■ Collected material ■
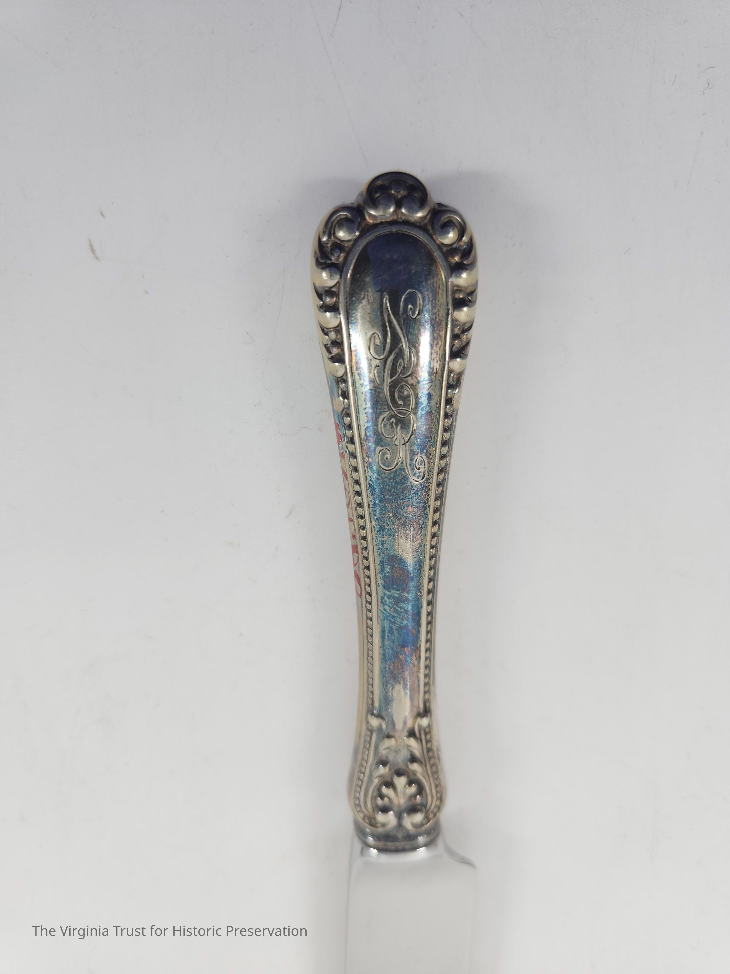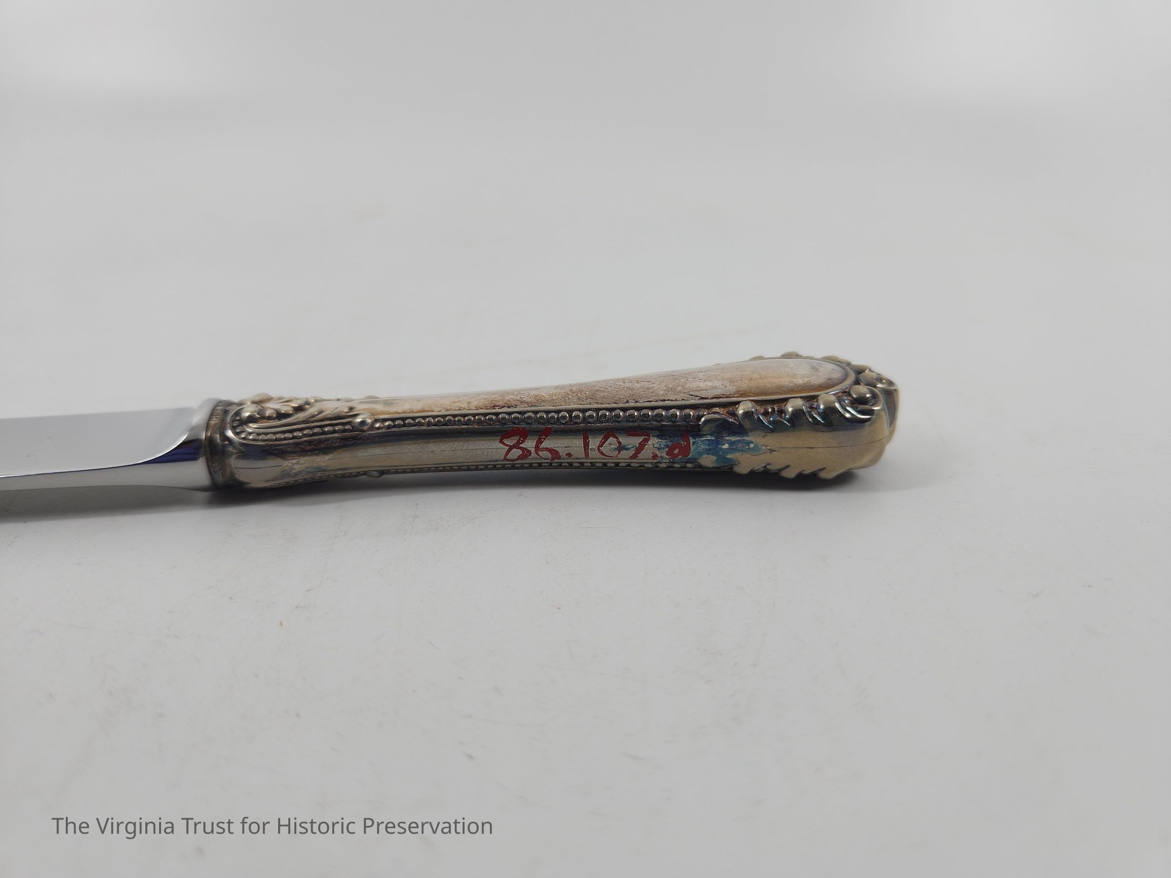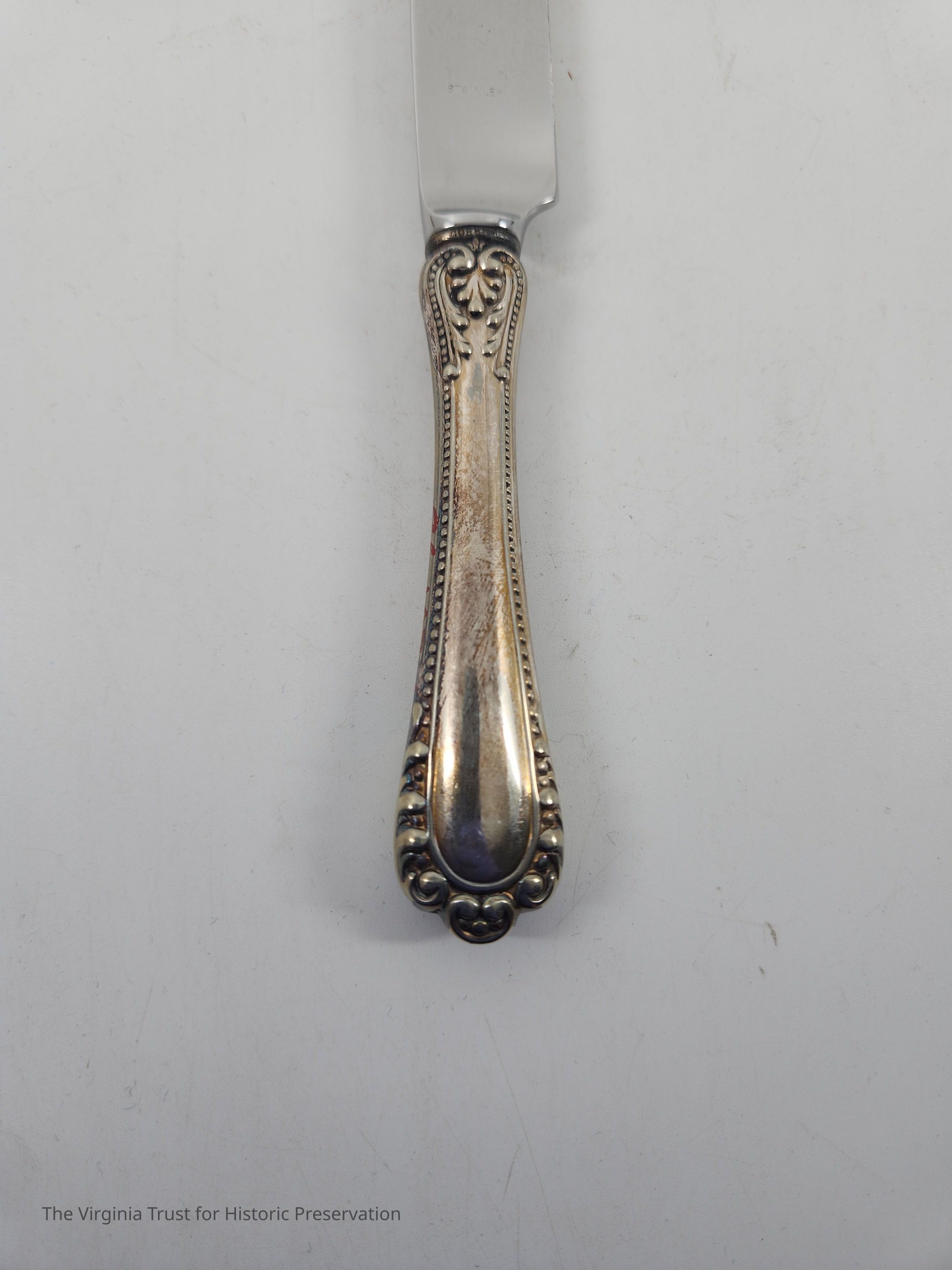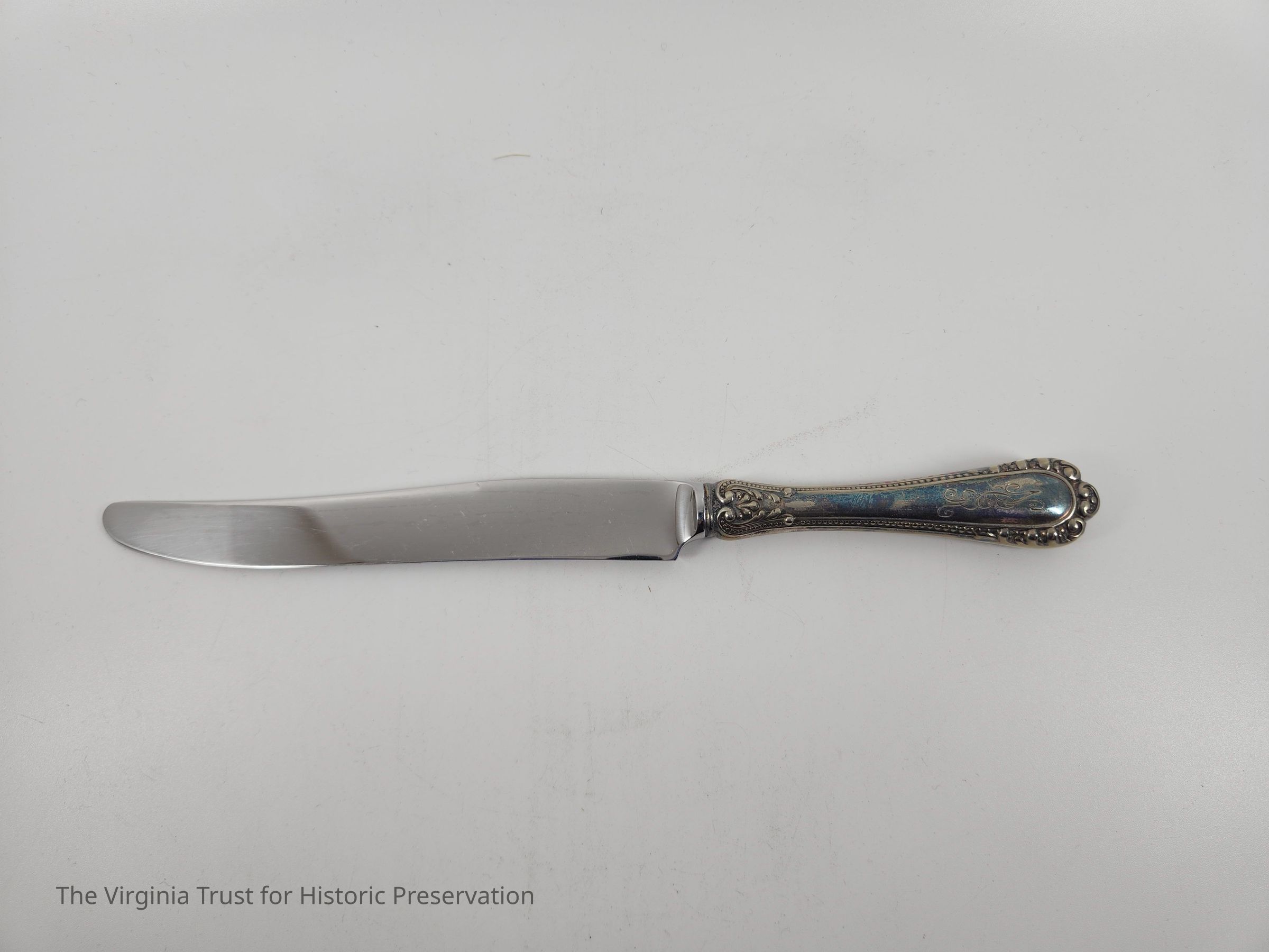 Part of a set of 12 heavy plate silver knives in the Gorham Manufacturing Company 1896 Winthrop pattern. Six knives (1986.107 A-F) monogrammed "NCR" and other six blunt blade knives monogrammed "NBC" (1986.107 G-L). Four have stainless steel blades that were put in in February of 1981 and eight have their original steel blades.
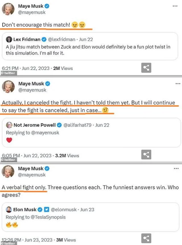“不要鼓励这场比赛!”梅耶在回复播客莱克斯·弗里德曼时这样写道,而后者似乎对两位亿万富翁之间拟议的战斗感到高兴。
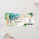 Tropical Island Destination Beach Wedding Boarding Pass Ticket Gold Plane Save the Date with heart and plane icon with tropical leaves

■ What the task asks ■
Please retype the material above exactly, and omit its images.

■ Response below ■
 Part of a set of 12 heavy plate silver knives in the Gorham Manufacturing Company 1896 Winthrop pattern. Six knives (1986.107 A-F) monogrammed "NCR" and other six blunt blade knives monogrammed "NBC" (1986.107 G-L). Four have stainless steel blades that were put in in February of 1981 and eight have their original steel blades.
“不要鼓励这场比赛!”梅耶在回复播客莱克斯·弗里德曼时这样写道,而后者似乎对两位亿万富翁之间拟议的战斗感到高兴。
 Tropical Island Destination Beach Wedding Boarding Pass Ticket Gold Plane Save the Date with heart and plane icon with tropical leaves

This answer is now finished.